Your goal ▸
Nothing outside the range is to be copied. From the entries below, reproduce exactly the lines starting at the one with "8.用粗孔篩網過篩奶黃餡,並濾除雜質。" and ending at the one with "Papel tapiz Follaje", without pictures.

Excerpted records ▸
⁂

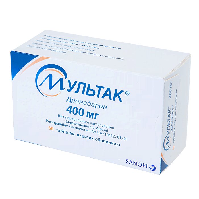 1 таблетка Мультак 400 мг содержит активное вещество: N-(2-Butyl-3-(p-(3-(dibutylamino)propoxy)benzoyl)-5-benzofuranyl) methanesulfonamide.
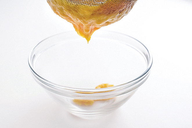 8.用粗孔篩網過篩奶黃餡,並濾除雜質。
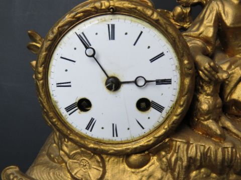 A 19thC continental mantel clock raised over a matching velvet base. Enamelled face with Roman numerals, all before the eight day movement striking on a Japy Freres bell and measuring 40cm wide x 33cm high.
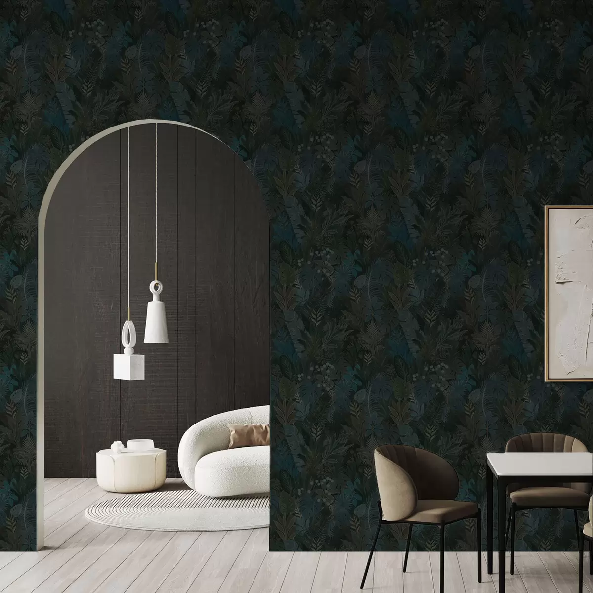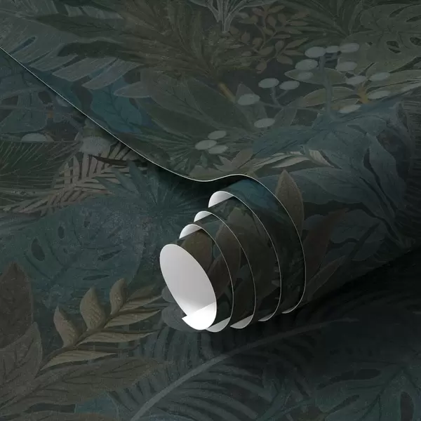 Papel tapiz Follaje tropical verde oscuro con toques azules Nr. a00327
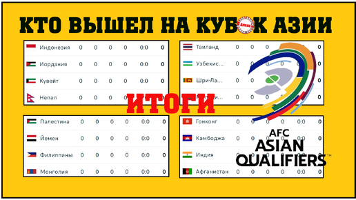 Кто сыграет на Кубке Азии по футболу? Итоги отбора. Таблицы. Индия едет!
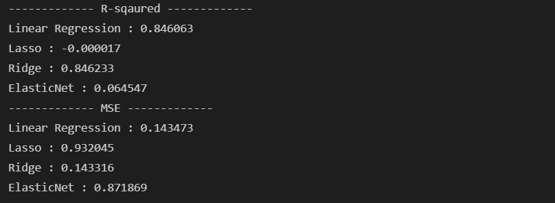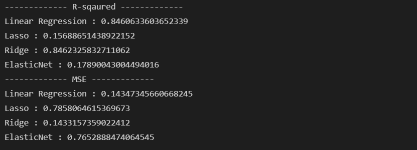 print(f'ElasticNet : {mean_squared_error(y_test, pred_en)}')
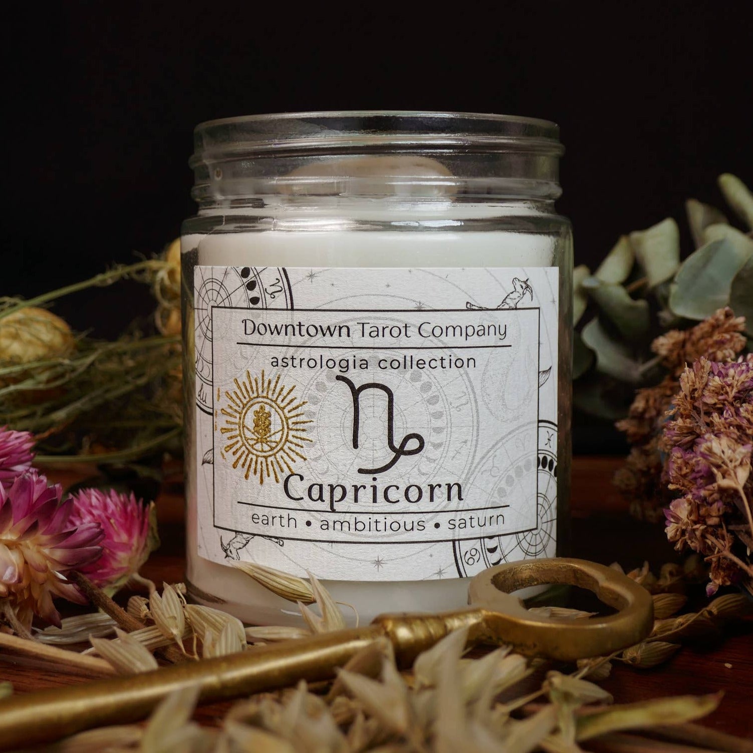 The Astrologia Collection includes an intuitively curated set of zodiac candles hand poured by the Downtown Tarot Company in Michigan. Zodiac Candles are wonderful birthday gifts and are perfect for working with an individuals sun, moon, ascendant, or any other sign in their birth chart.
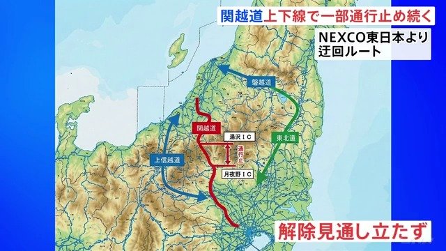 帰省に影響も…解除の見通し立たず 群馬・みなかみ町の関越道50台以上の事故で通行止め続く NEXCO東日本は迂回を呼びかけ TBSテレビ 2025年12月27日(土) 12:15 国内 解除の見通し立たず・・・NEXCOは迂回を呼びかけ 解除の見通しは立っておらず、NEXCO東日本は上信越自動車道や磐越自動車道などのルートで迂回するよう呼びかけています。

⁂

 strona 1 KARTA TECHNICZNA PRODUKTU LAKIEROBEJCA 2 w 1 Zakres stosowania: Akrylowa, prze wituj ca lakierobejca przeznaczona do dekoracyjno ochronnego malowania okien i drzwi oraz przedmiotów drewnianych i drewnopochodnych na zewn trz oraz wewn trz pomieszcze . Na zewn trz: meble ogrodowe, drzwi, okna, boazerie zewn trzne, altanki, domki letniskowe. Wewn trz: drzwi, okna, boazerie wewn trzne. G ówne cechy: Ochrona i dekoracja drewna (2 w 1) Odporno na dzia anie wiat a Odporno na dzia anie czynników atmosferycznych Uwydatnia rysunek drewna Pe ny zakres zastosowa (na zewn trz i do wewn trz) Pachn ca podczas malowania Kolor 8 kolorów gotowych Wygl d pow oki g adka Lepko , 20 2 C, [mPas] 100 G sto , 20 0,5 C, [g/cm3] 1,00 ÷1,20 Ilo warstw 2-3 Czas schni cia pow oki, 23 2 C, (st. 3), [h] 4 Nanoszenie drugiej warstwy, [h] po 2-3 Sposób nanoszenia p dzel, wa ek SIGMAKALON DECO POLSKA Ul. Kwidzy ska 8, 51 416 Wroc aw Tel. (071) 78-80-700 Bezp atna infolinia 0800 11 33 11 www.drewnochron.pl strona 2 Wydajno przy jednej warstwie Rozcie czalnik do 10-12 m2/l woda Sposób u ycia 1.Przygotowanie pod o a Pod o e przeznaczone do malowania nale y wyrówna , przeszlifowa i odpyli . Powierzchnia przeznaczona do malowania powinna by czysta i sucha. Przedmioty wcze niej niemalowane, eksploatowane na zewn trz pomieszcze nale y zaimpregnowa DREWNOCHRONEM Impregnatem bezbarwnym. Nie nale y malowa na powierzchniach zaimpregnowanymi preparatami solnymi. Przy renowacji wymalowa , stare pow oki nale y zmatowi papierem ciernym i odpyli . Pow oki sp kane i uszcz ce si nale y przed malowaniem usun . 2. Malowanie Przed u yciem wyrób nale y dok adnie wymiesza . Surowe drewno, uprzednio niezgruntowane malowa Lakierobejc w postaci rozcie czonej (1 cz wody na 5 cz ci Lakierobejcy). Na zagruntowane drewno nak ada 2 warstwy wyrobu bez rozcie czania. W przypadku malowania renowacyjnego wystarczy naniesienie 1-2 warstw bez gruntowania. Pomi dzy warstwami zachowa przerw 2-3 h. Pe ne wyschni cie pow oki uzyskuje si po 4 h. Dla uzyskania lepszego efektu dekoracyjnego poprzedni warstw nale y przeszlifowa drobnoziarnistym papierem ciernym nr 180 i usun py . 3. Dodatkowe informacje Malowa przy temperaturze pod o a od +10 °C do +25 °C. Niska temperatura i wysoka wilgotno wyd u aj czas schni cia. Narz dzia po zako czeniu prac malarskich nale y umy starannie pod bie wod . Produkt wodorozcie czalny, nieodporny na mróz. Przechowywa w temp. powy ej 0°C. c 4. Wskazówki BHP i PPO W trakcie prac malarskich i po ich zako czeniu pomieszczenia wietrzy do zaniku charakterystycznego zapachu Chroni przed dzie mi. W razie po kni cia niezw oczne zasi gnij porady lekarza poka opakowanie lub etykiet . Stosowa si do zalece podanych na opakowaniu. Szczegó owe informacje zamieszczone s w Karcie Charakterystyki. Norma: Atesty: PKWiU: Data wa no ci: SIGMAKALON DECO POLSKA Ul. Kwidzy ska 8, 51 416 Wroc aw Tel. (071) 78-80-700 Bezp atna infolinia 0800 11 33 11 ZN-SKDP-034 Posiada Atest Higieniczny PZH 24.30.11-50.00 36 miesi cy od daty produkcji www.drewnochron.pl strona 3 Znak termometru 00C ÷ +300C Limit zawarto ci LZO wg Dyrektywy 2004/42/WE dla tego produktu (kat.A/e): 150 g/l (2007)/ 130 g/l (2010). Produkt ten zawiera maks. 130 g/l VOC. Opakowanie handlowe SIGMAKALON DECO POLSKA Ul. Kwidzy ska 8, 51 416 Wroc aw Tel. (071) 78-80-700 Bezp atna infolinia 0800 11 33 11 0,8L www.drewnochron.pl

⁂

Output of the task ▸
 8.用粗孔篩網過篩奶黃餡,並濾除雜質。
 A 19thC continental mantel clock raised over a matching velvet base. Enamelled face with Roman numerals, all before the eight day movement striking on a Japy Freres bell and measuring 40cm wide x 33cm high.
 Papel tapiz Follaje tropical verde oscuro con toques azules Nr. a00327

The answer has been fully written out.